**EXERCISE**
Once the line with "Sliderul metalic cu" is found in the data, output it and each following line exactly, up to and including the line with "通过升级、升星、武学和秘籍系统,提升侠客的属性和技能效果。", and nothing before or after.

**DATA TO PROCESS**

------------------------------------------------------------------------

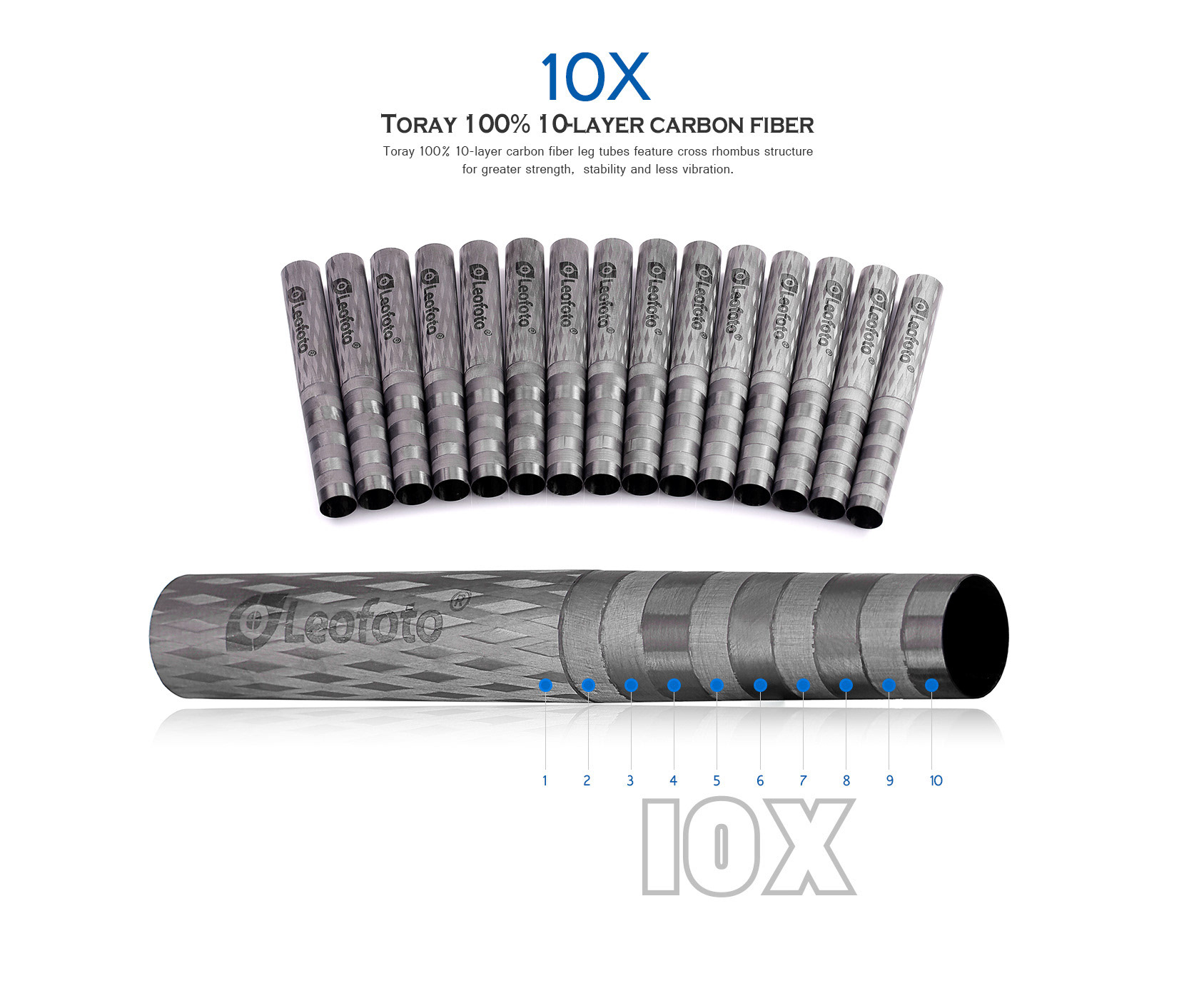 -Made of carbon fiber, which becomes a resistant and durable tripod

------------------------------------------------------------------------

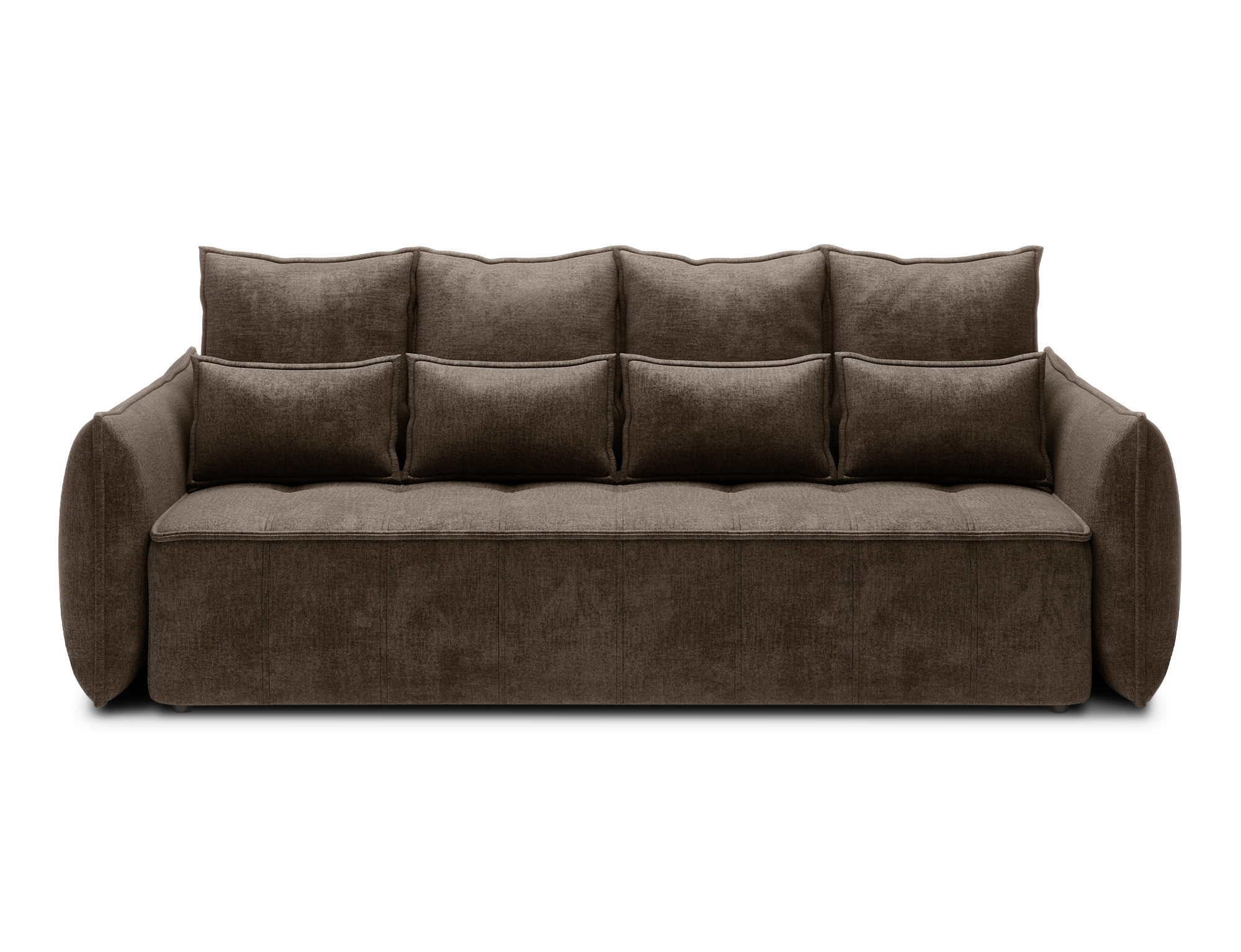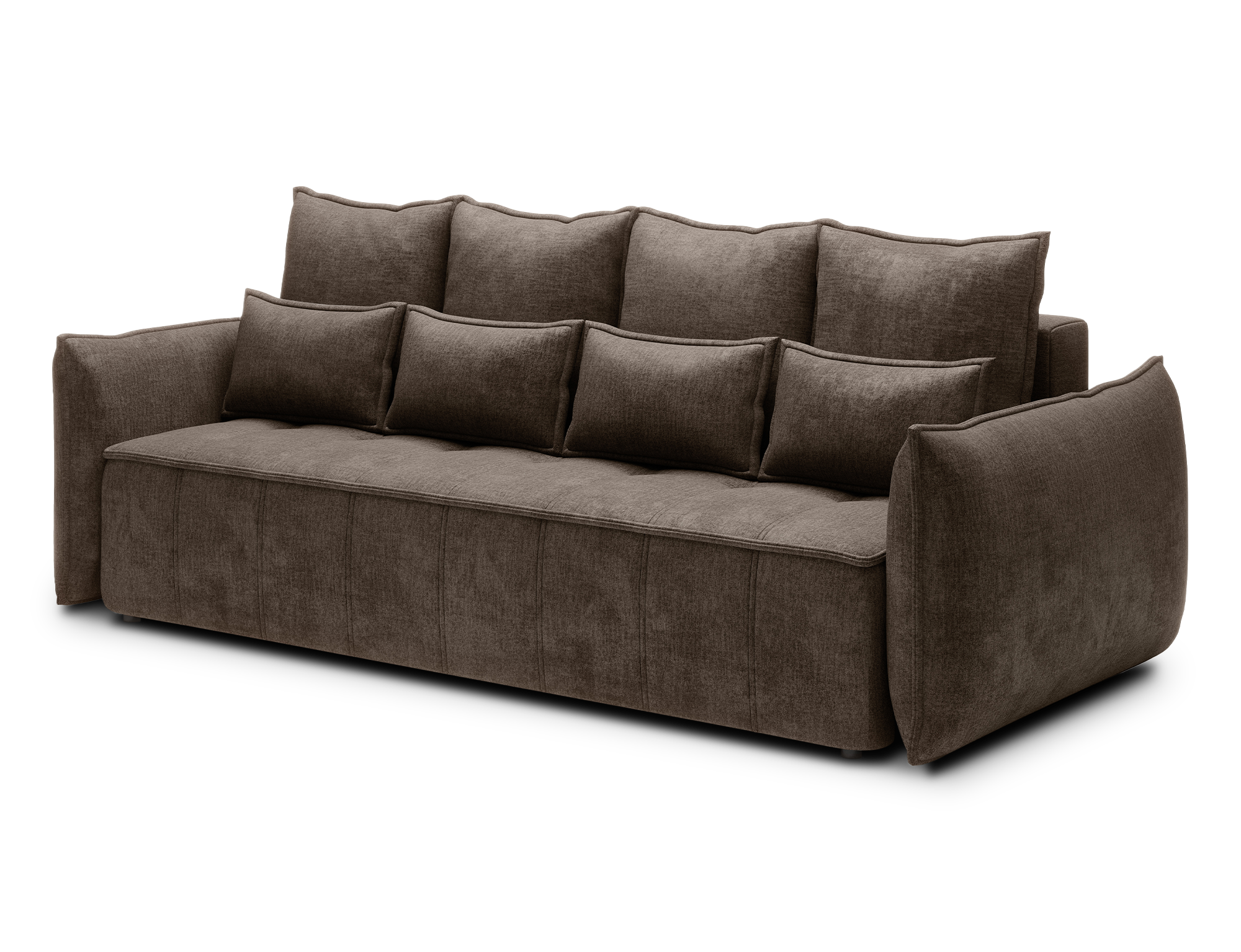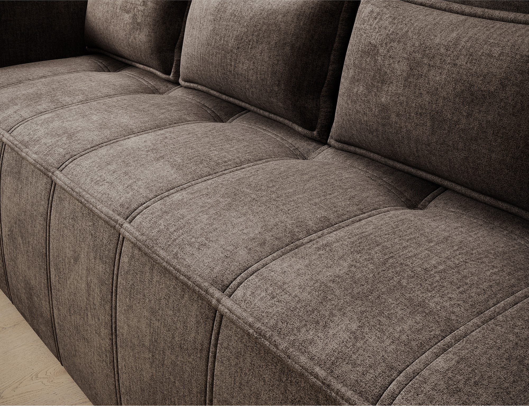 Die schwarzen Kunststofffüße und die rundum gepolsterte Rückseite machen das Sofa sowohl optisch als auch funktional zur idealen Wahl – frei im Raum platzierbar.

------------------------------------------------------------------------

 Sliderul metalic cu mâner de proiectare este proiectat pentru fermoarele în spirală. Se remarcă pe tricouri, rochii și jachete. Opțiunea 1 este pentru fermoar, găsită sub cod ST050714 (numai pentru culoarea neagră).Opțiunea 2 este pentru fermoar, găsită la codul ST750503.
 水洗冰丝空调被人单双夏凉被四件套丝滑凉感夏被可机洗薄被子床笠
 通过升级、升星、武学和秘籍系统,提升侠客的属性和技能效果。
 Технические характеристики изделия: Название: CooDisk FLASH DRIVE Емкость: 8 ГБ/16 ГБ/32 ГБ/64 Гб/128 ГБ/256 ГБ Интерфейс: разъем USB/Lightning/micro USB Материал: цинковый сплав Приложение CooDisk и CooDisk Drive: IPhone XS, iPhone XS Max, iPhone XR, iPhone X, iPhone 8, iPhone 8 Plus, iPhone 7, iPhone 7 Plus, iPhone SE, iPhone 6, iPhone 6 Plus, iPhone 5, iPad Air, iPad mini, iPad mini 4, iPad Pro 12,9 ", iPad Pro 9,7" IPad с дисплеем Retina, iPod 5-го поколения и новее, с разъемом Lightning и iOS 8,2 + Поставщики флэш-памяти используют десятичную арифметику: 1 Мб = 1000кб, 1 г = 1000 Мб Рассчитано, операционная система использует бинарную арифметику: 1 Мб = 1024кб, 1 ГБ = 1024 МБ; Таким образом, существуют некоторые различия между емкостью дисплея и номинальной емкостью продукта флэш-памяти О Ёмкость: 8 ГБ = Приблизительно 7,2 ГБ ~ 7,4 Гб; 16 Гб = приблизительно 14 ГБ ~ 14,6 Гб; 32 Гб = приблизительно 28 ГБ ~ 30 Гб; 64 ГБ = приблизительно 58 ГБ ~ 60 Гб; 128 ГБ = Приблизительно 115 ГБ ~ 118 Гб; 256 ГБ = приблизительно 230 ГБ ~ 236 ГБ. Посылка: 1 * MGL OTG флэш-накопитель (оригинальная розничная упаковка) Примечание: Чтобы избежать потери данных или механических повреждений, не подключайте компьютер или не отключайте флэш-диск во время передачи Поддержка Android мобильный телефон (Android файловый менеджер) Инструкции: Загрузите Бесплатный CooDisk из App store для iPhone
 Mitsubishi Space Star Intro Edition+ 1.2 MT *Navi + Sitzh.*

------------------------------------------------------------------------

**EXERCISE SOLUTION**
 Sliderul metalic cu mâner de proiectare este proiectat pentru fermoarele în spirală. Se remarcă pe tricouri, rochii și jachete. Opțiunea 1 este pentru fermoar, găsită sub cod ST050714 (numai pentru culoarea neagră).Opțiunea 2 este pentru fermoar, găsită la codul ST750503.
 水洗冰丝空调被人单双夏凉被四件套丝滑凉感夏被可机洗薄被子床笠
 通过升级、升星、武学和秘籍系统,提升侠客的属性和技能效果。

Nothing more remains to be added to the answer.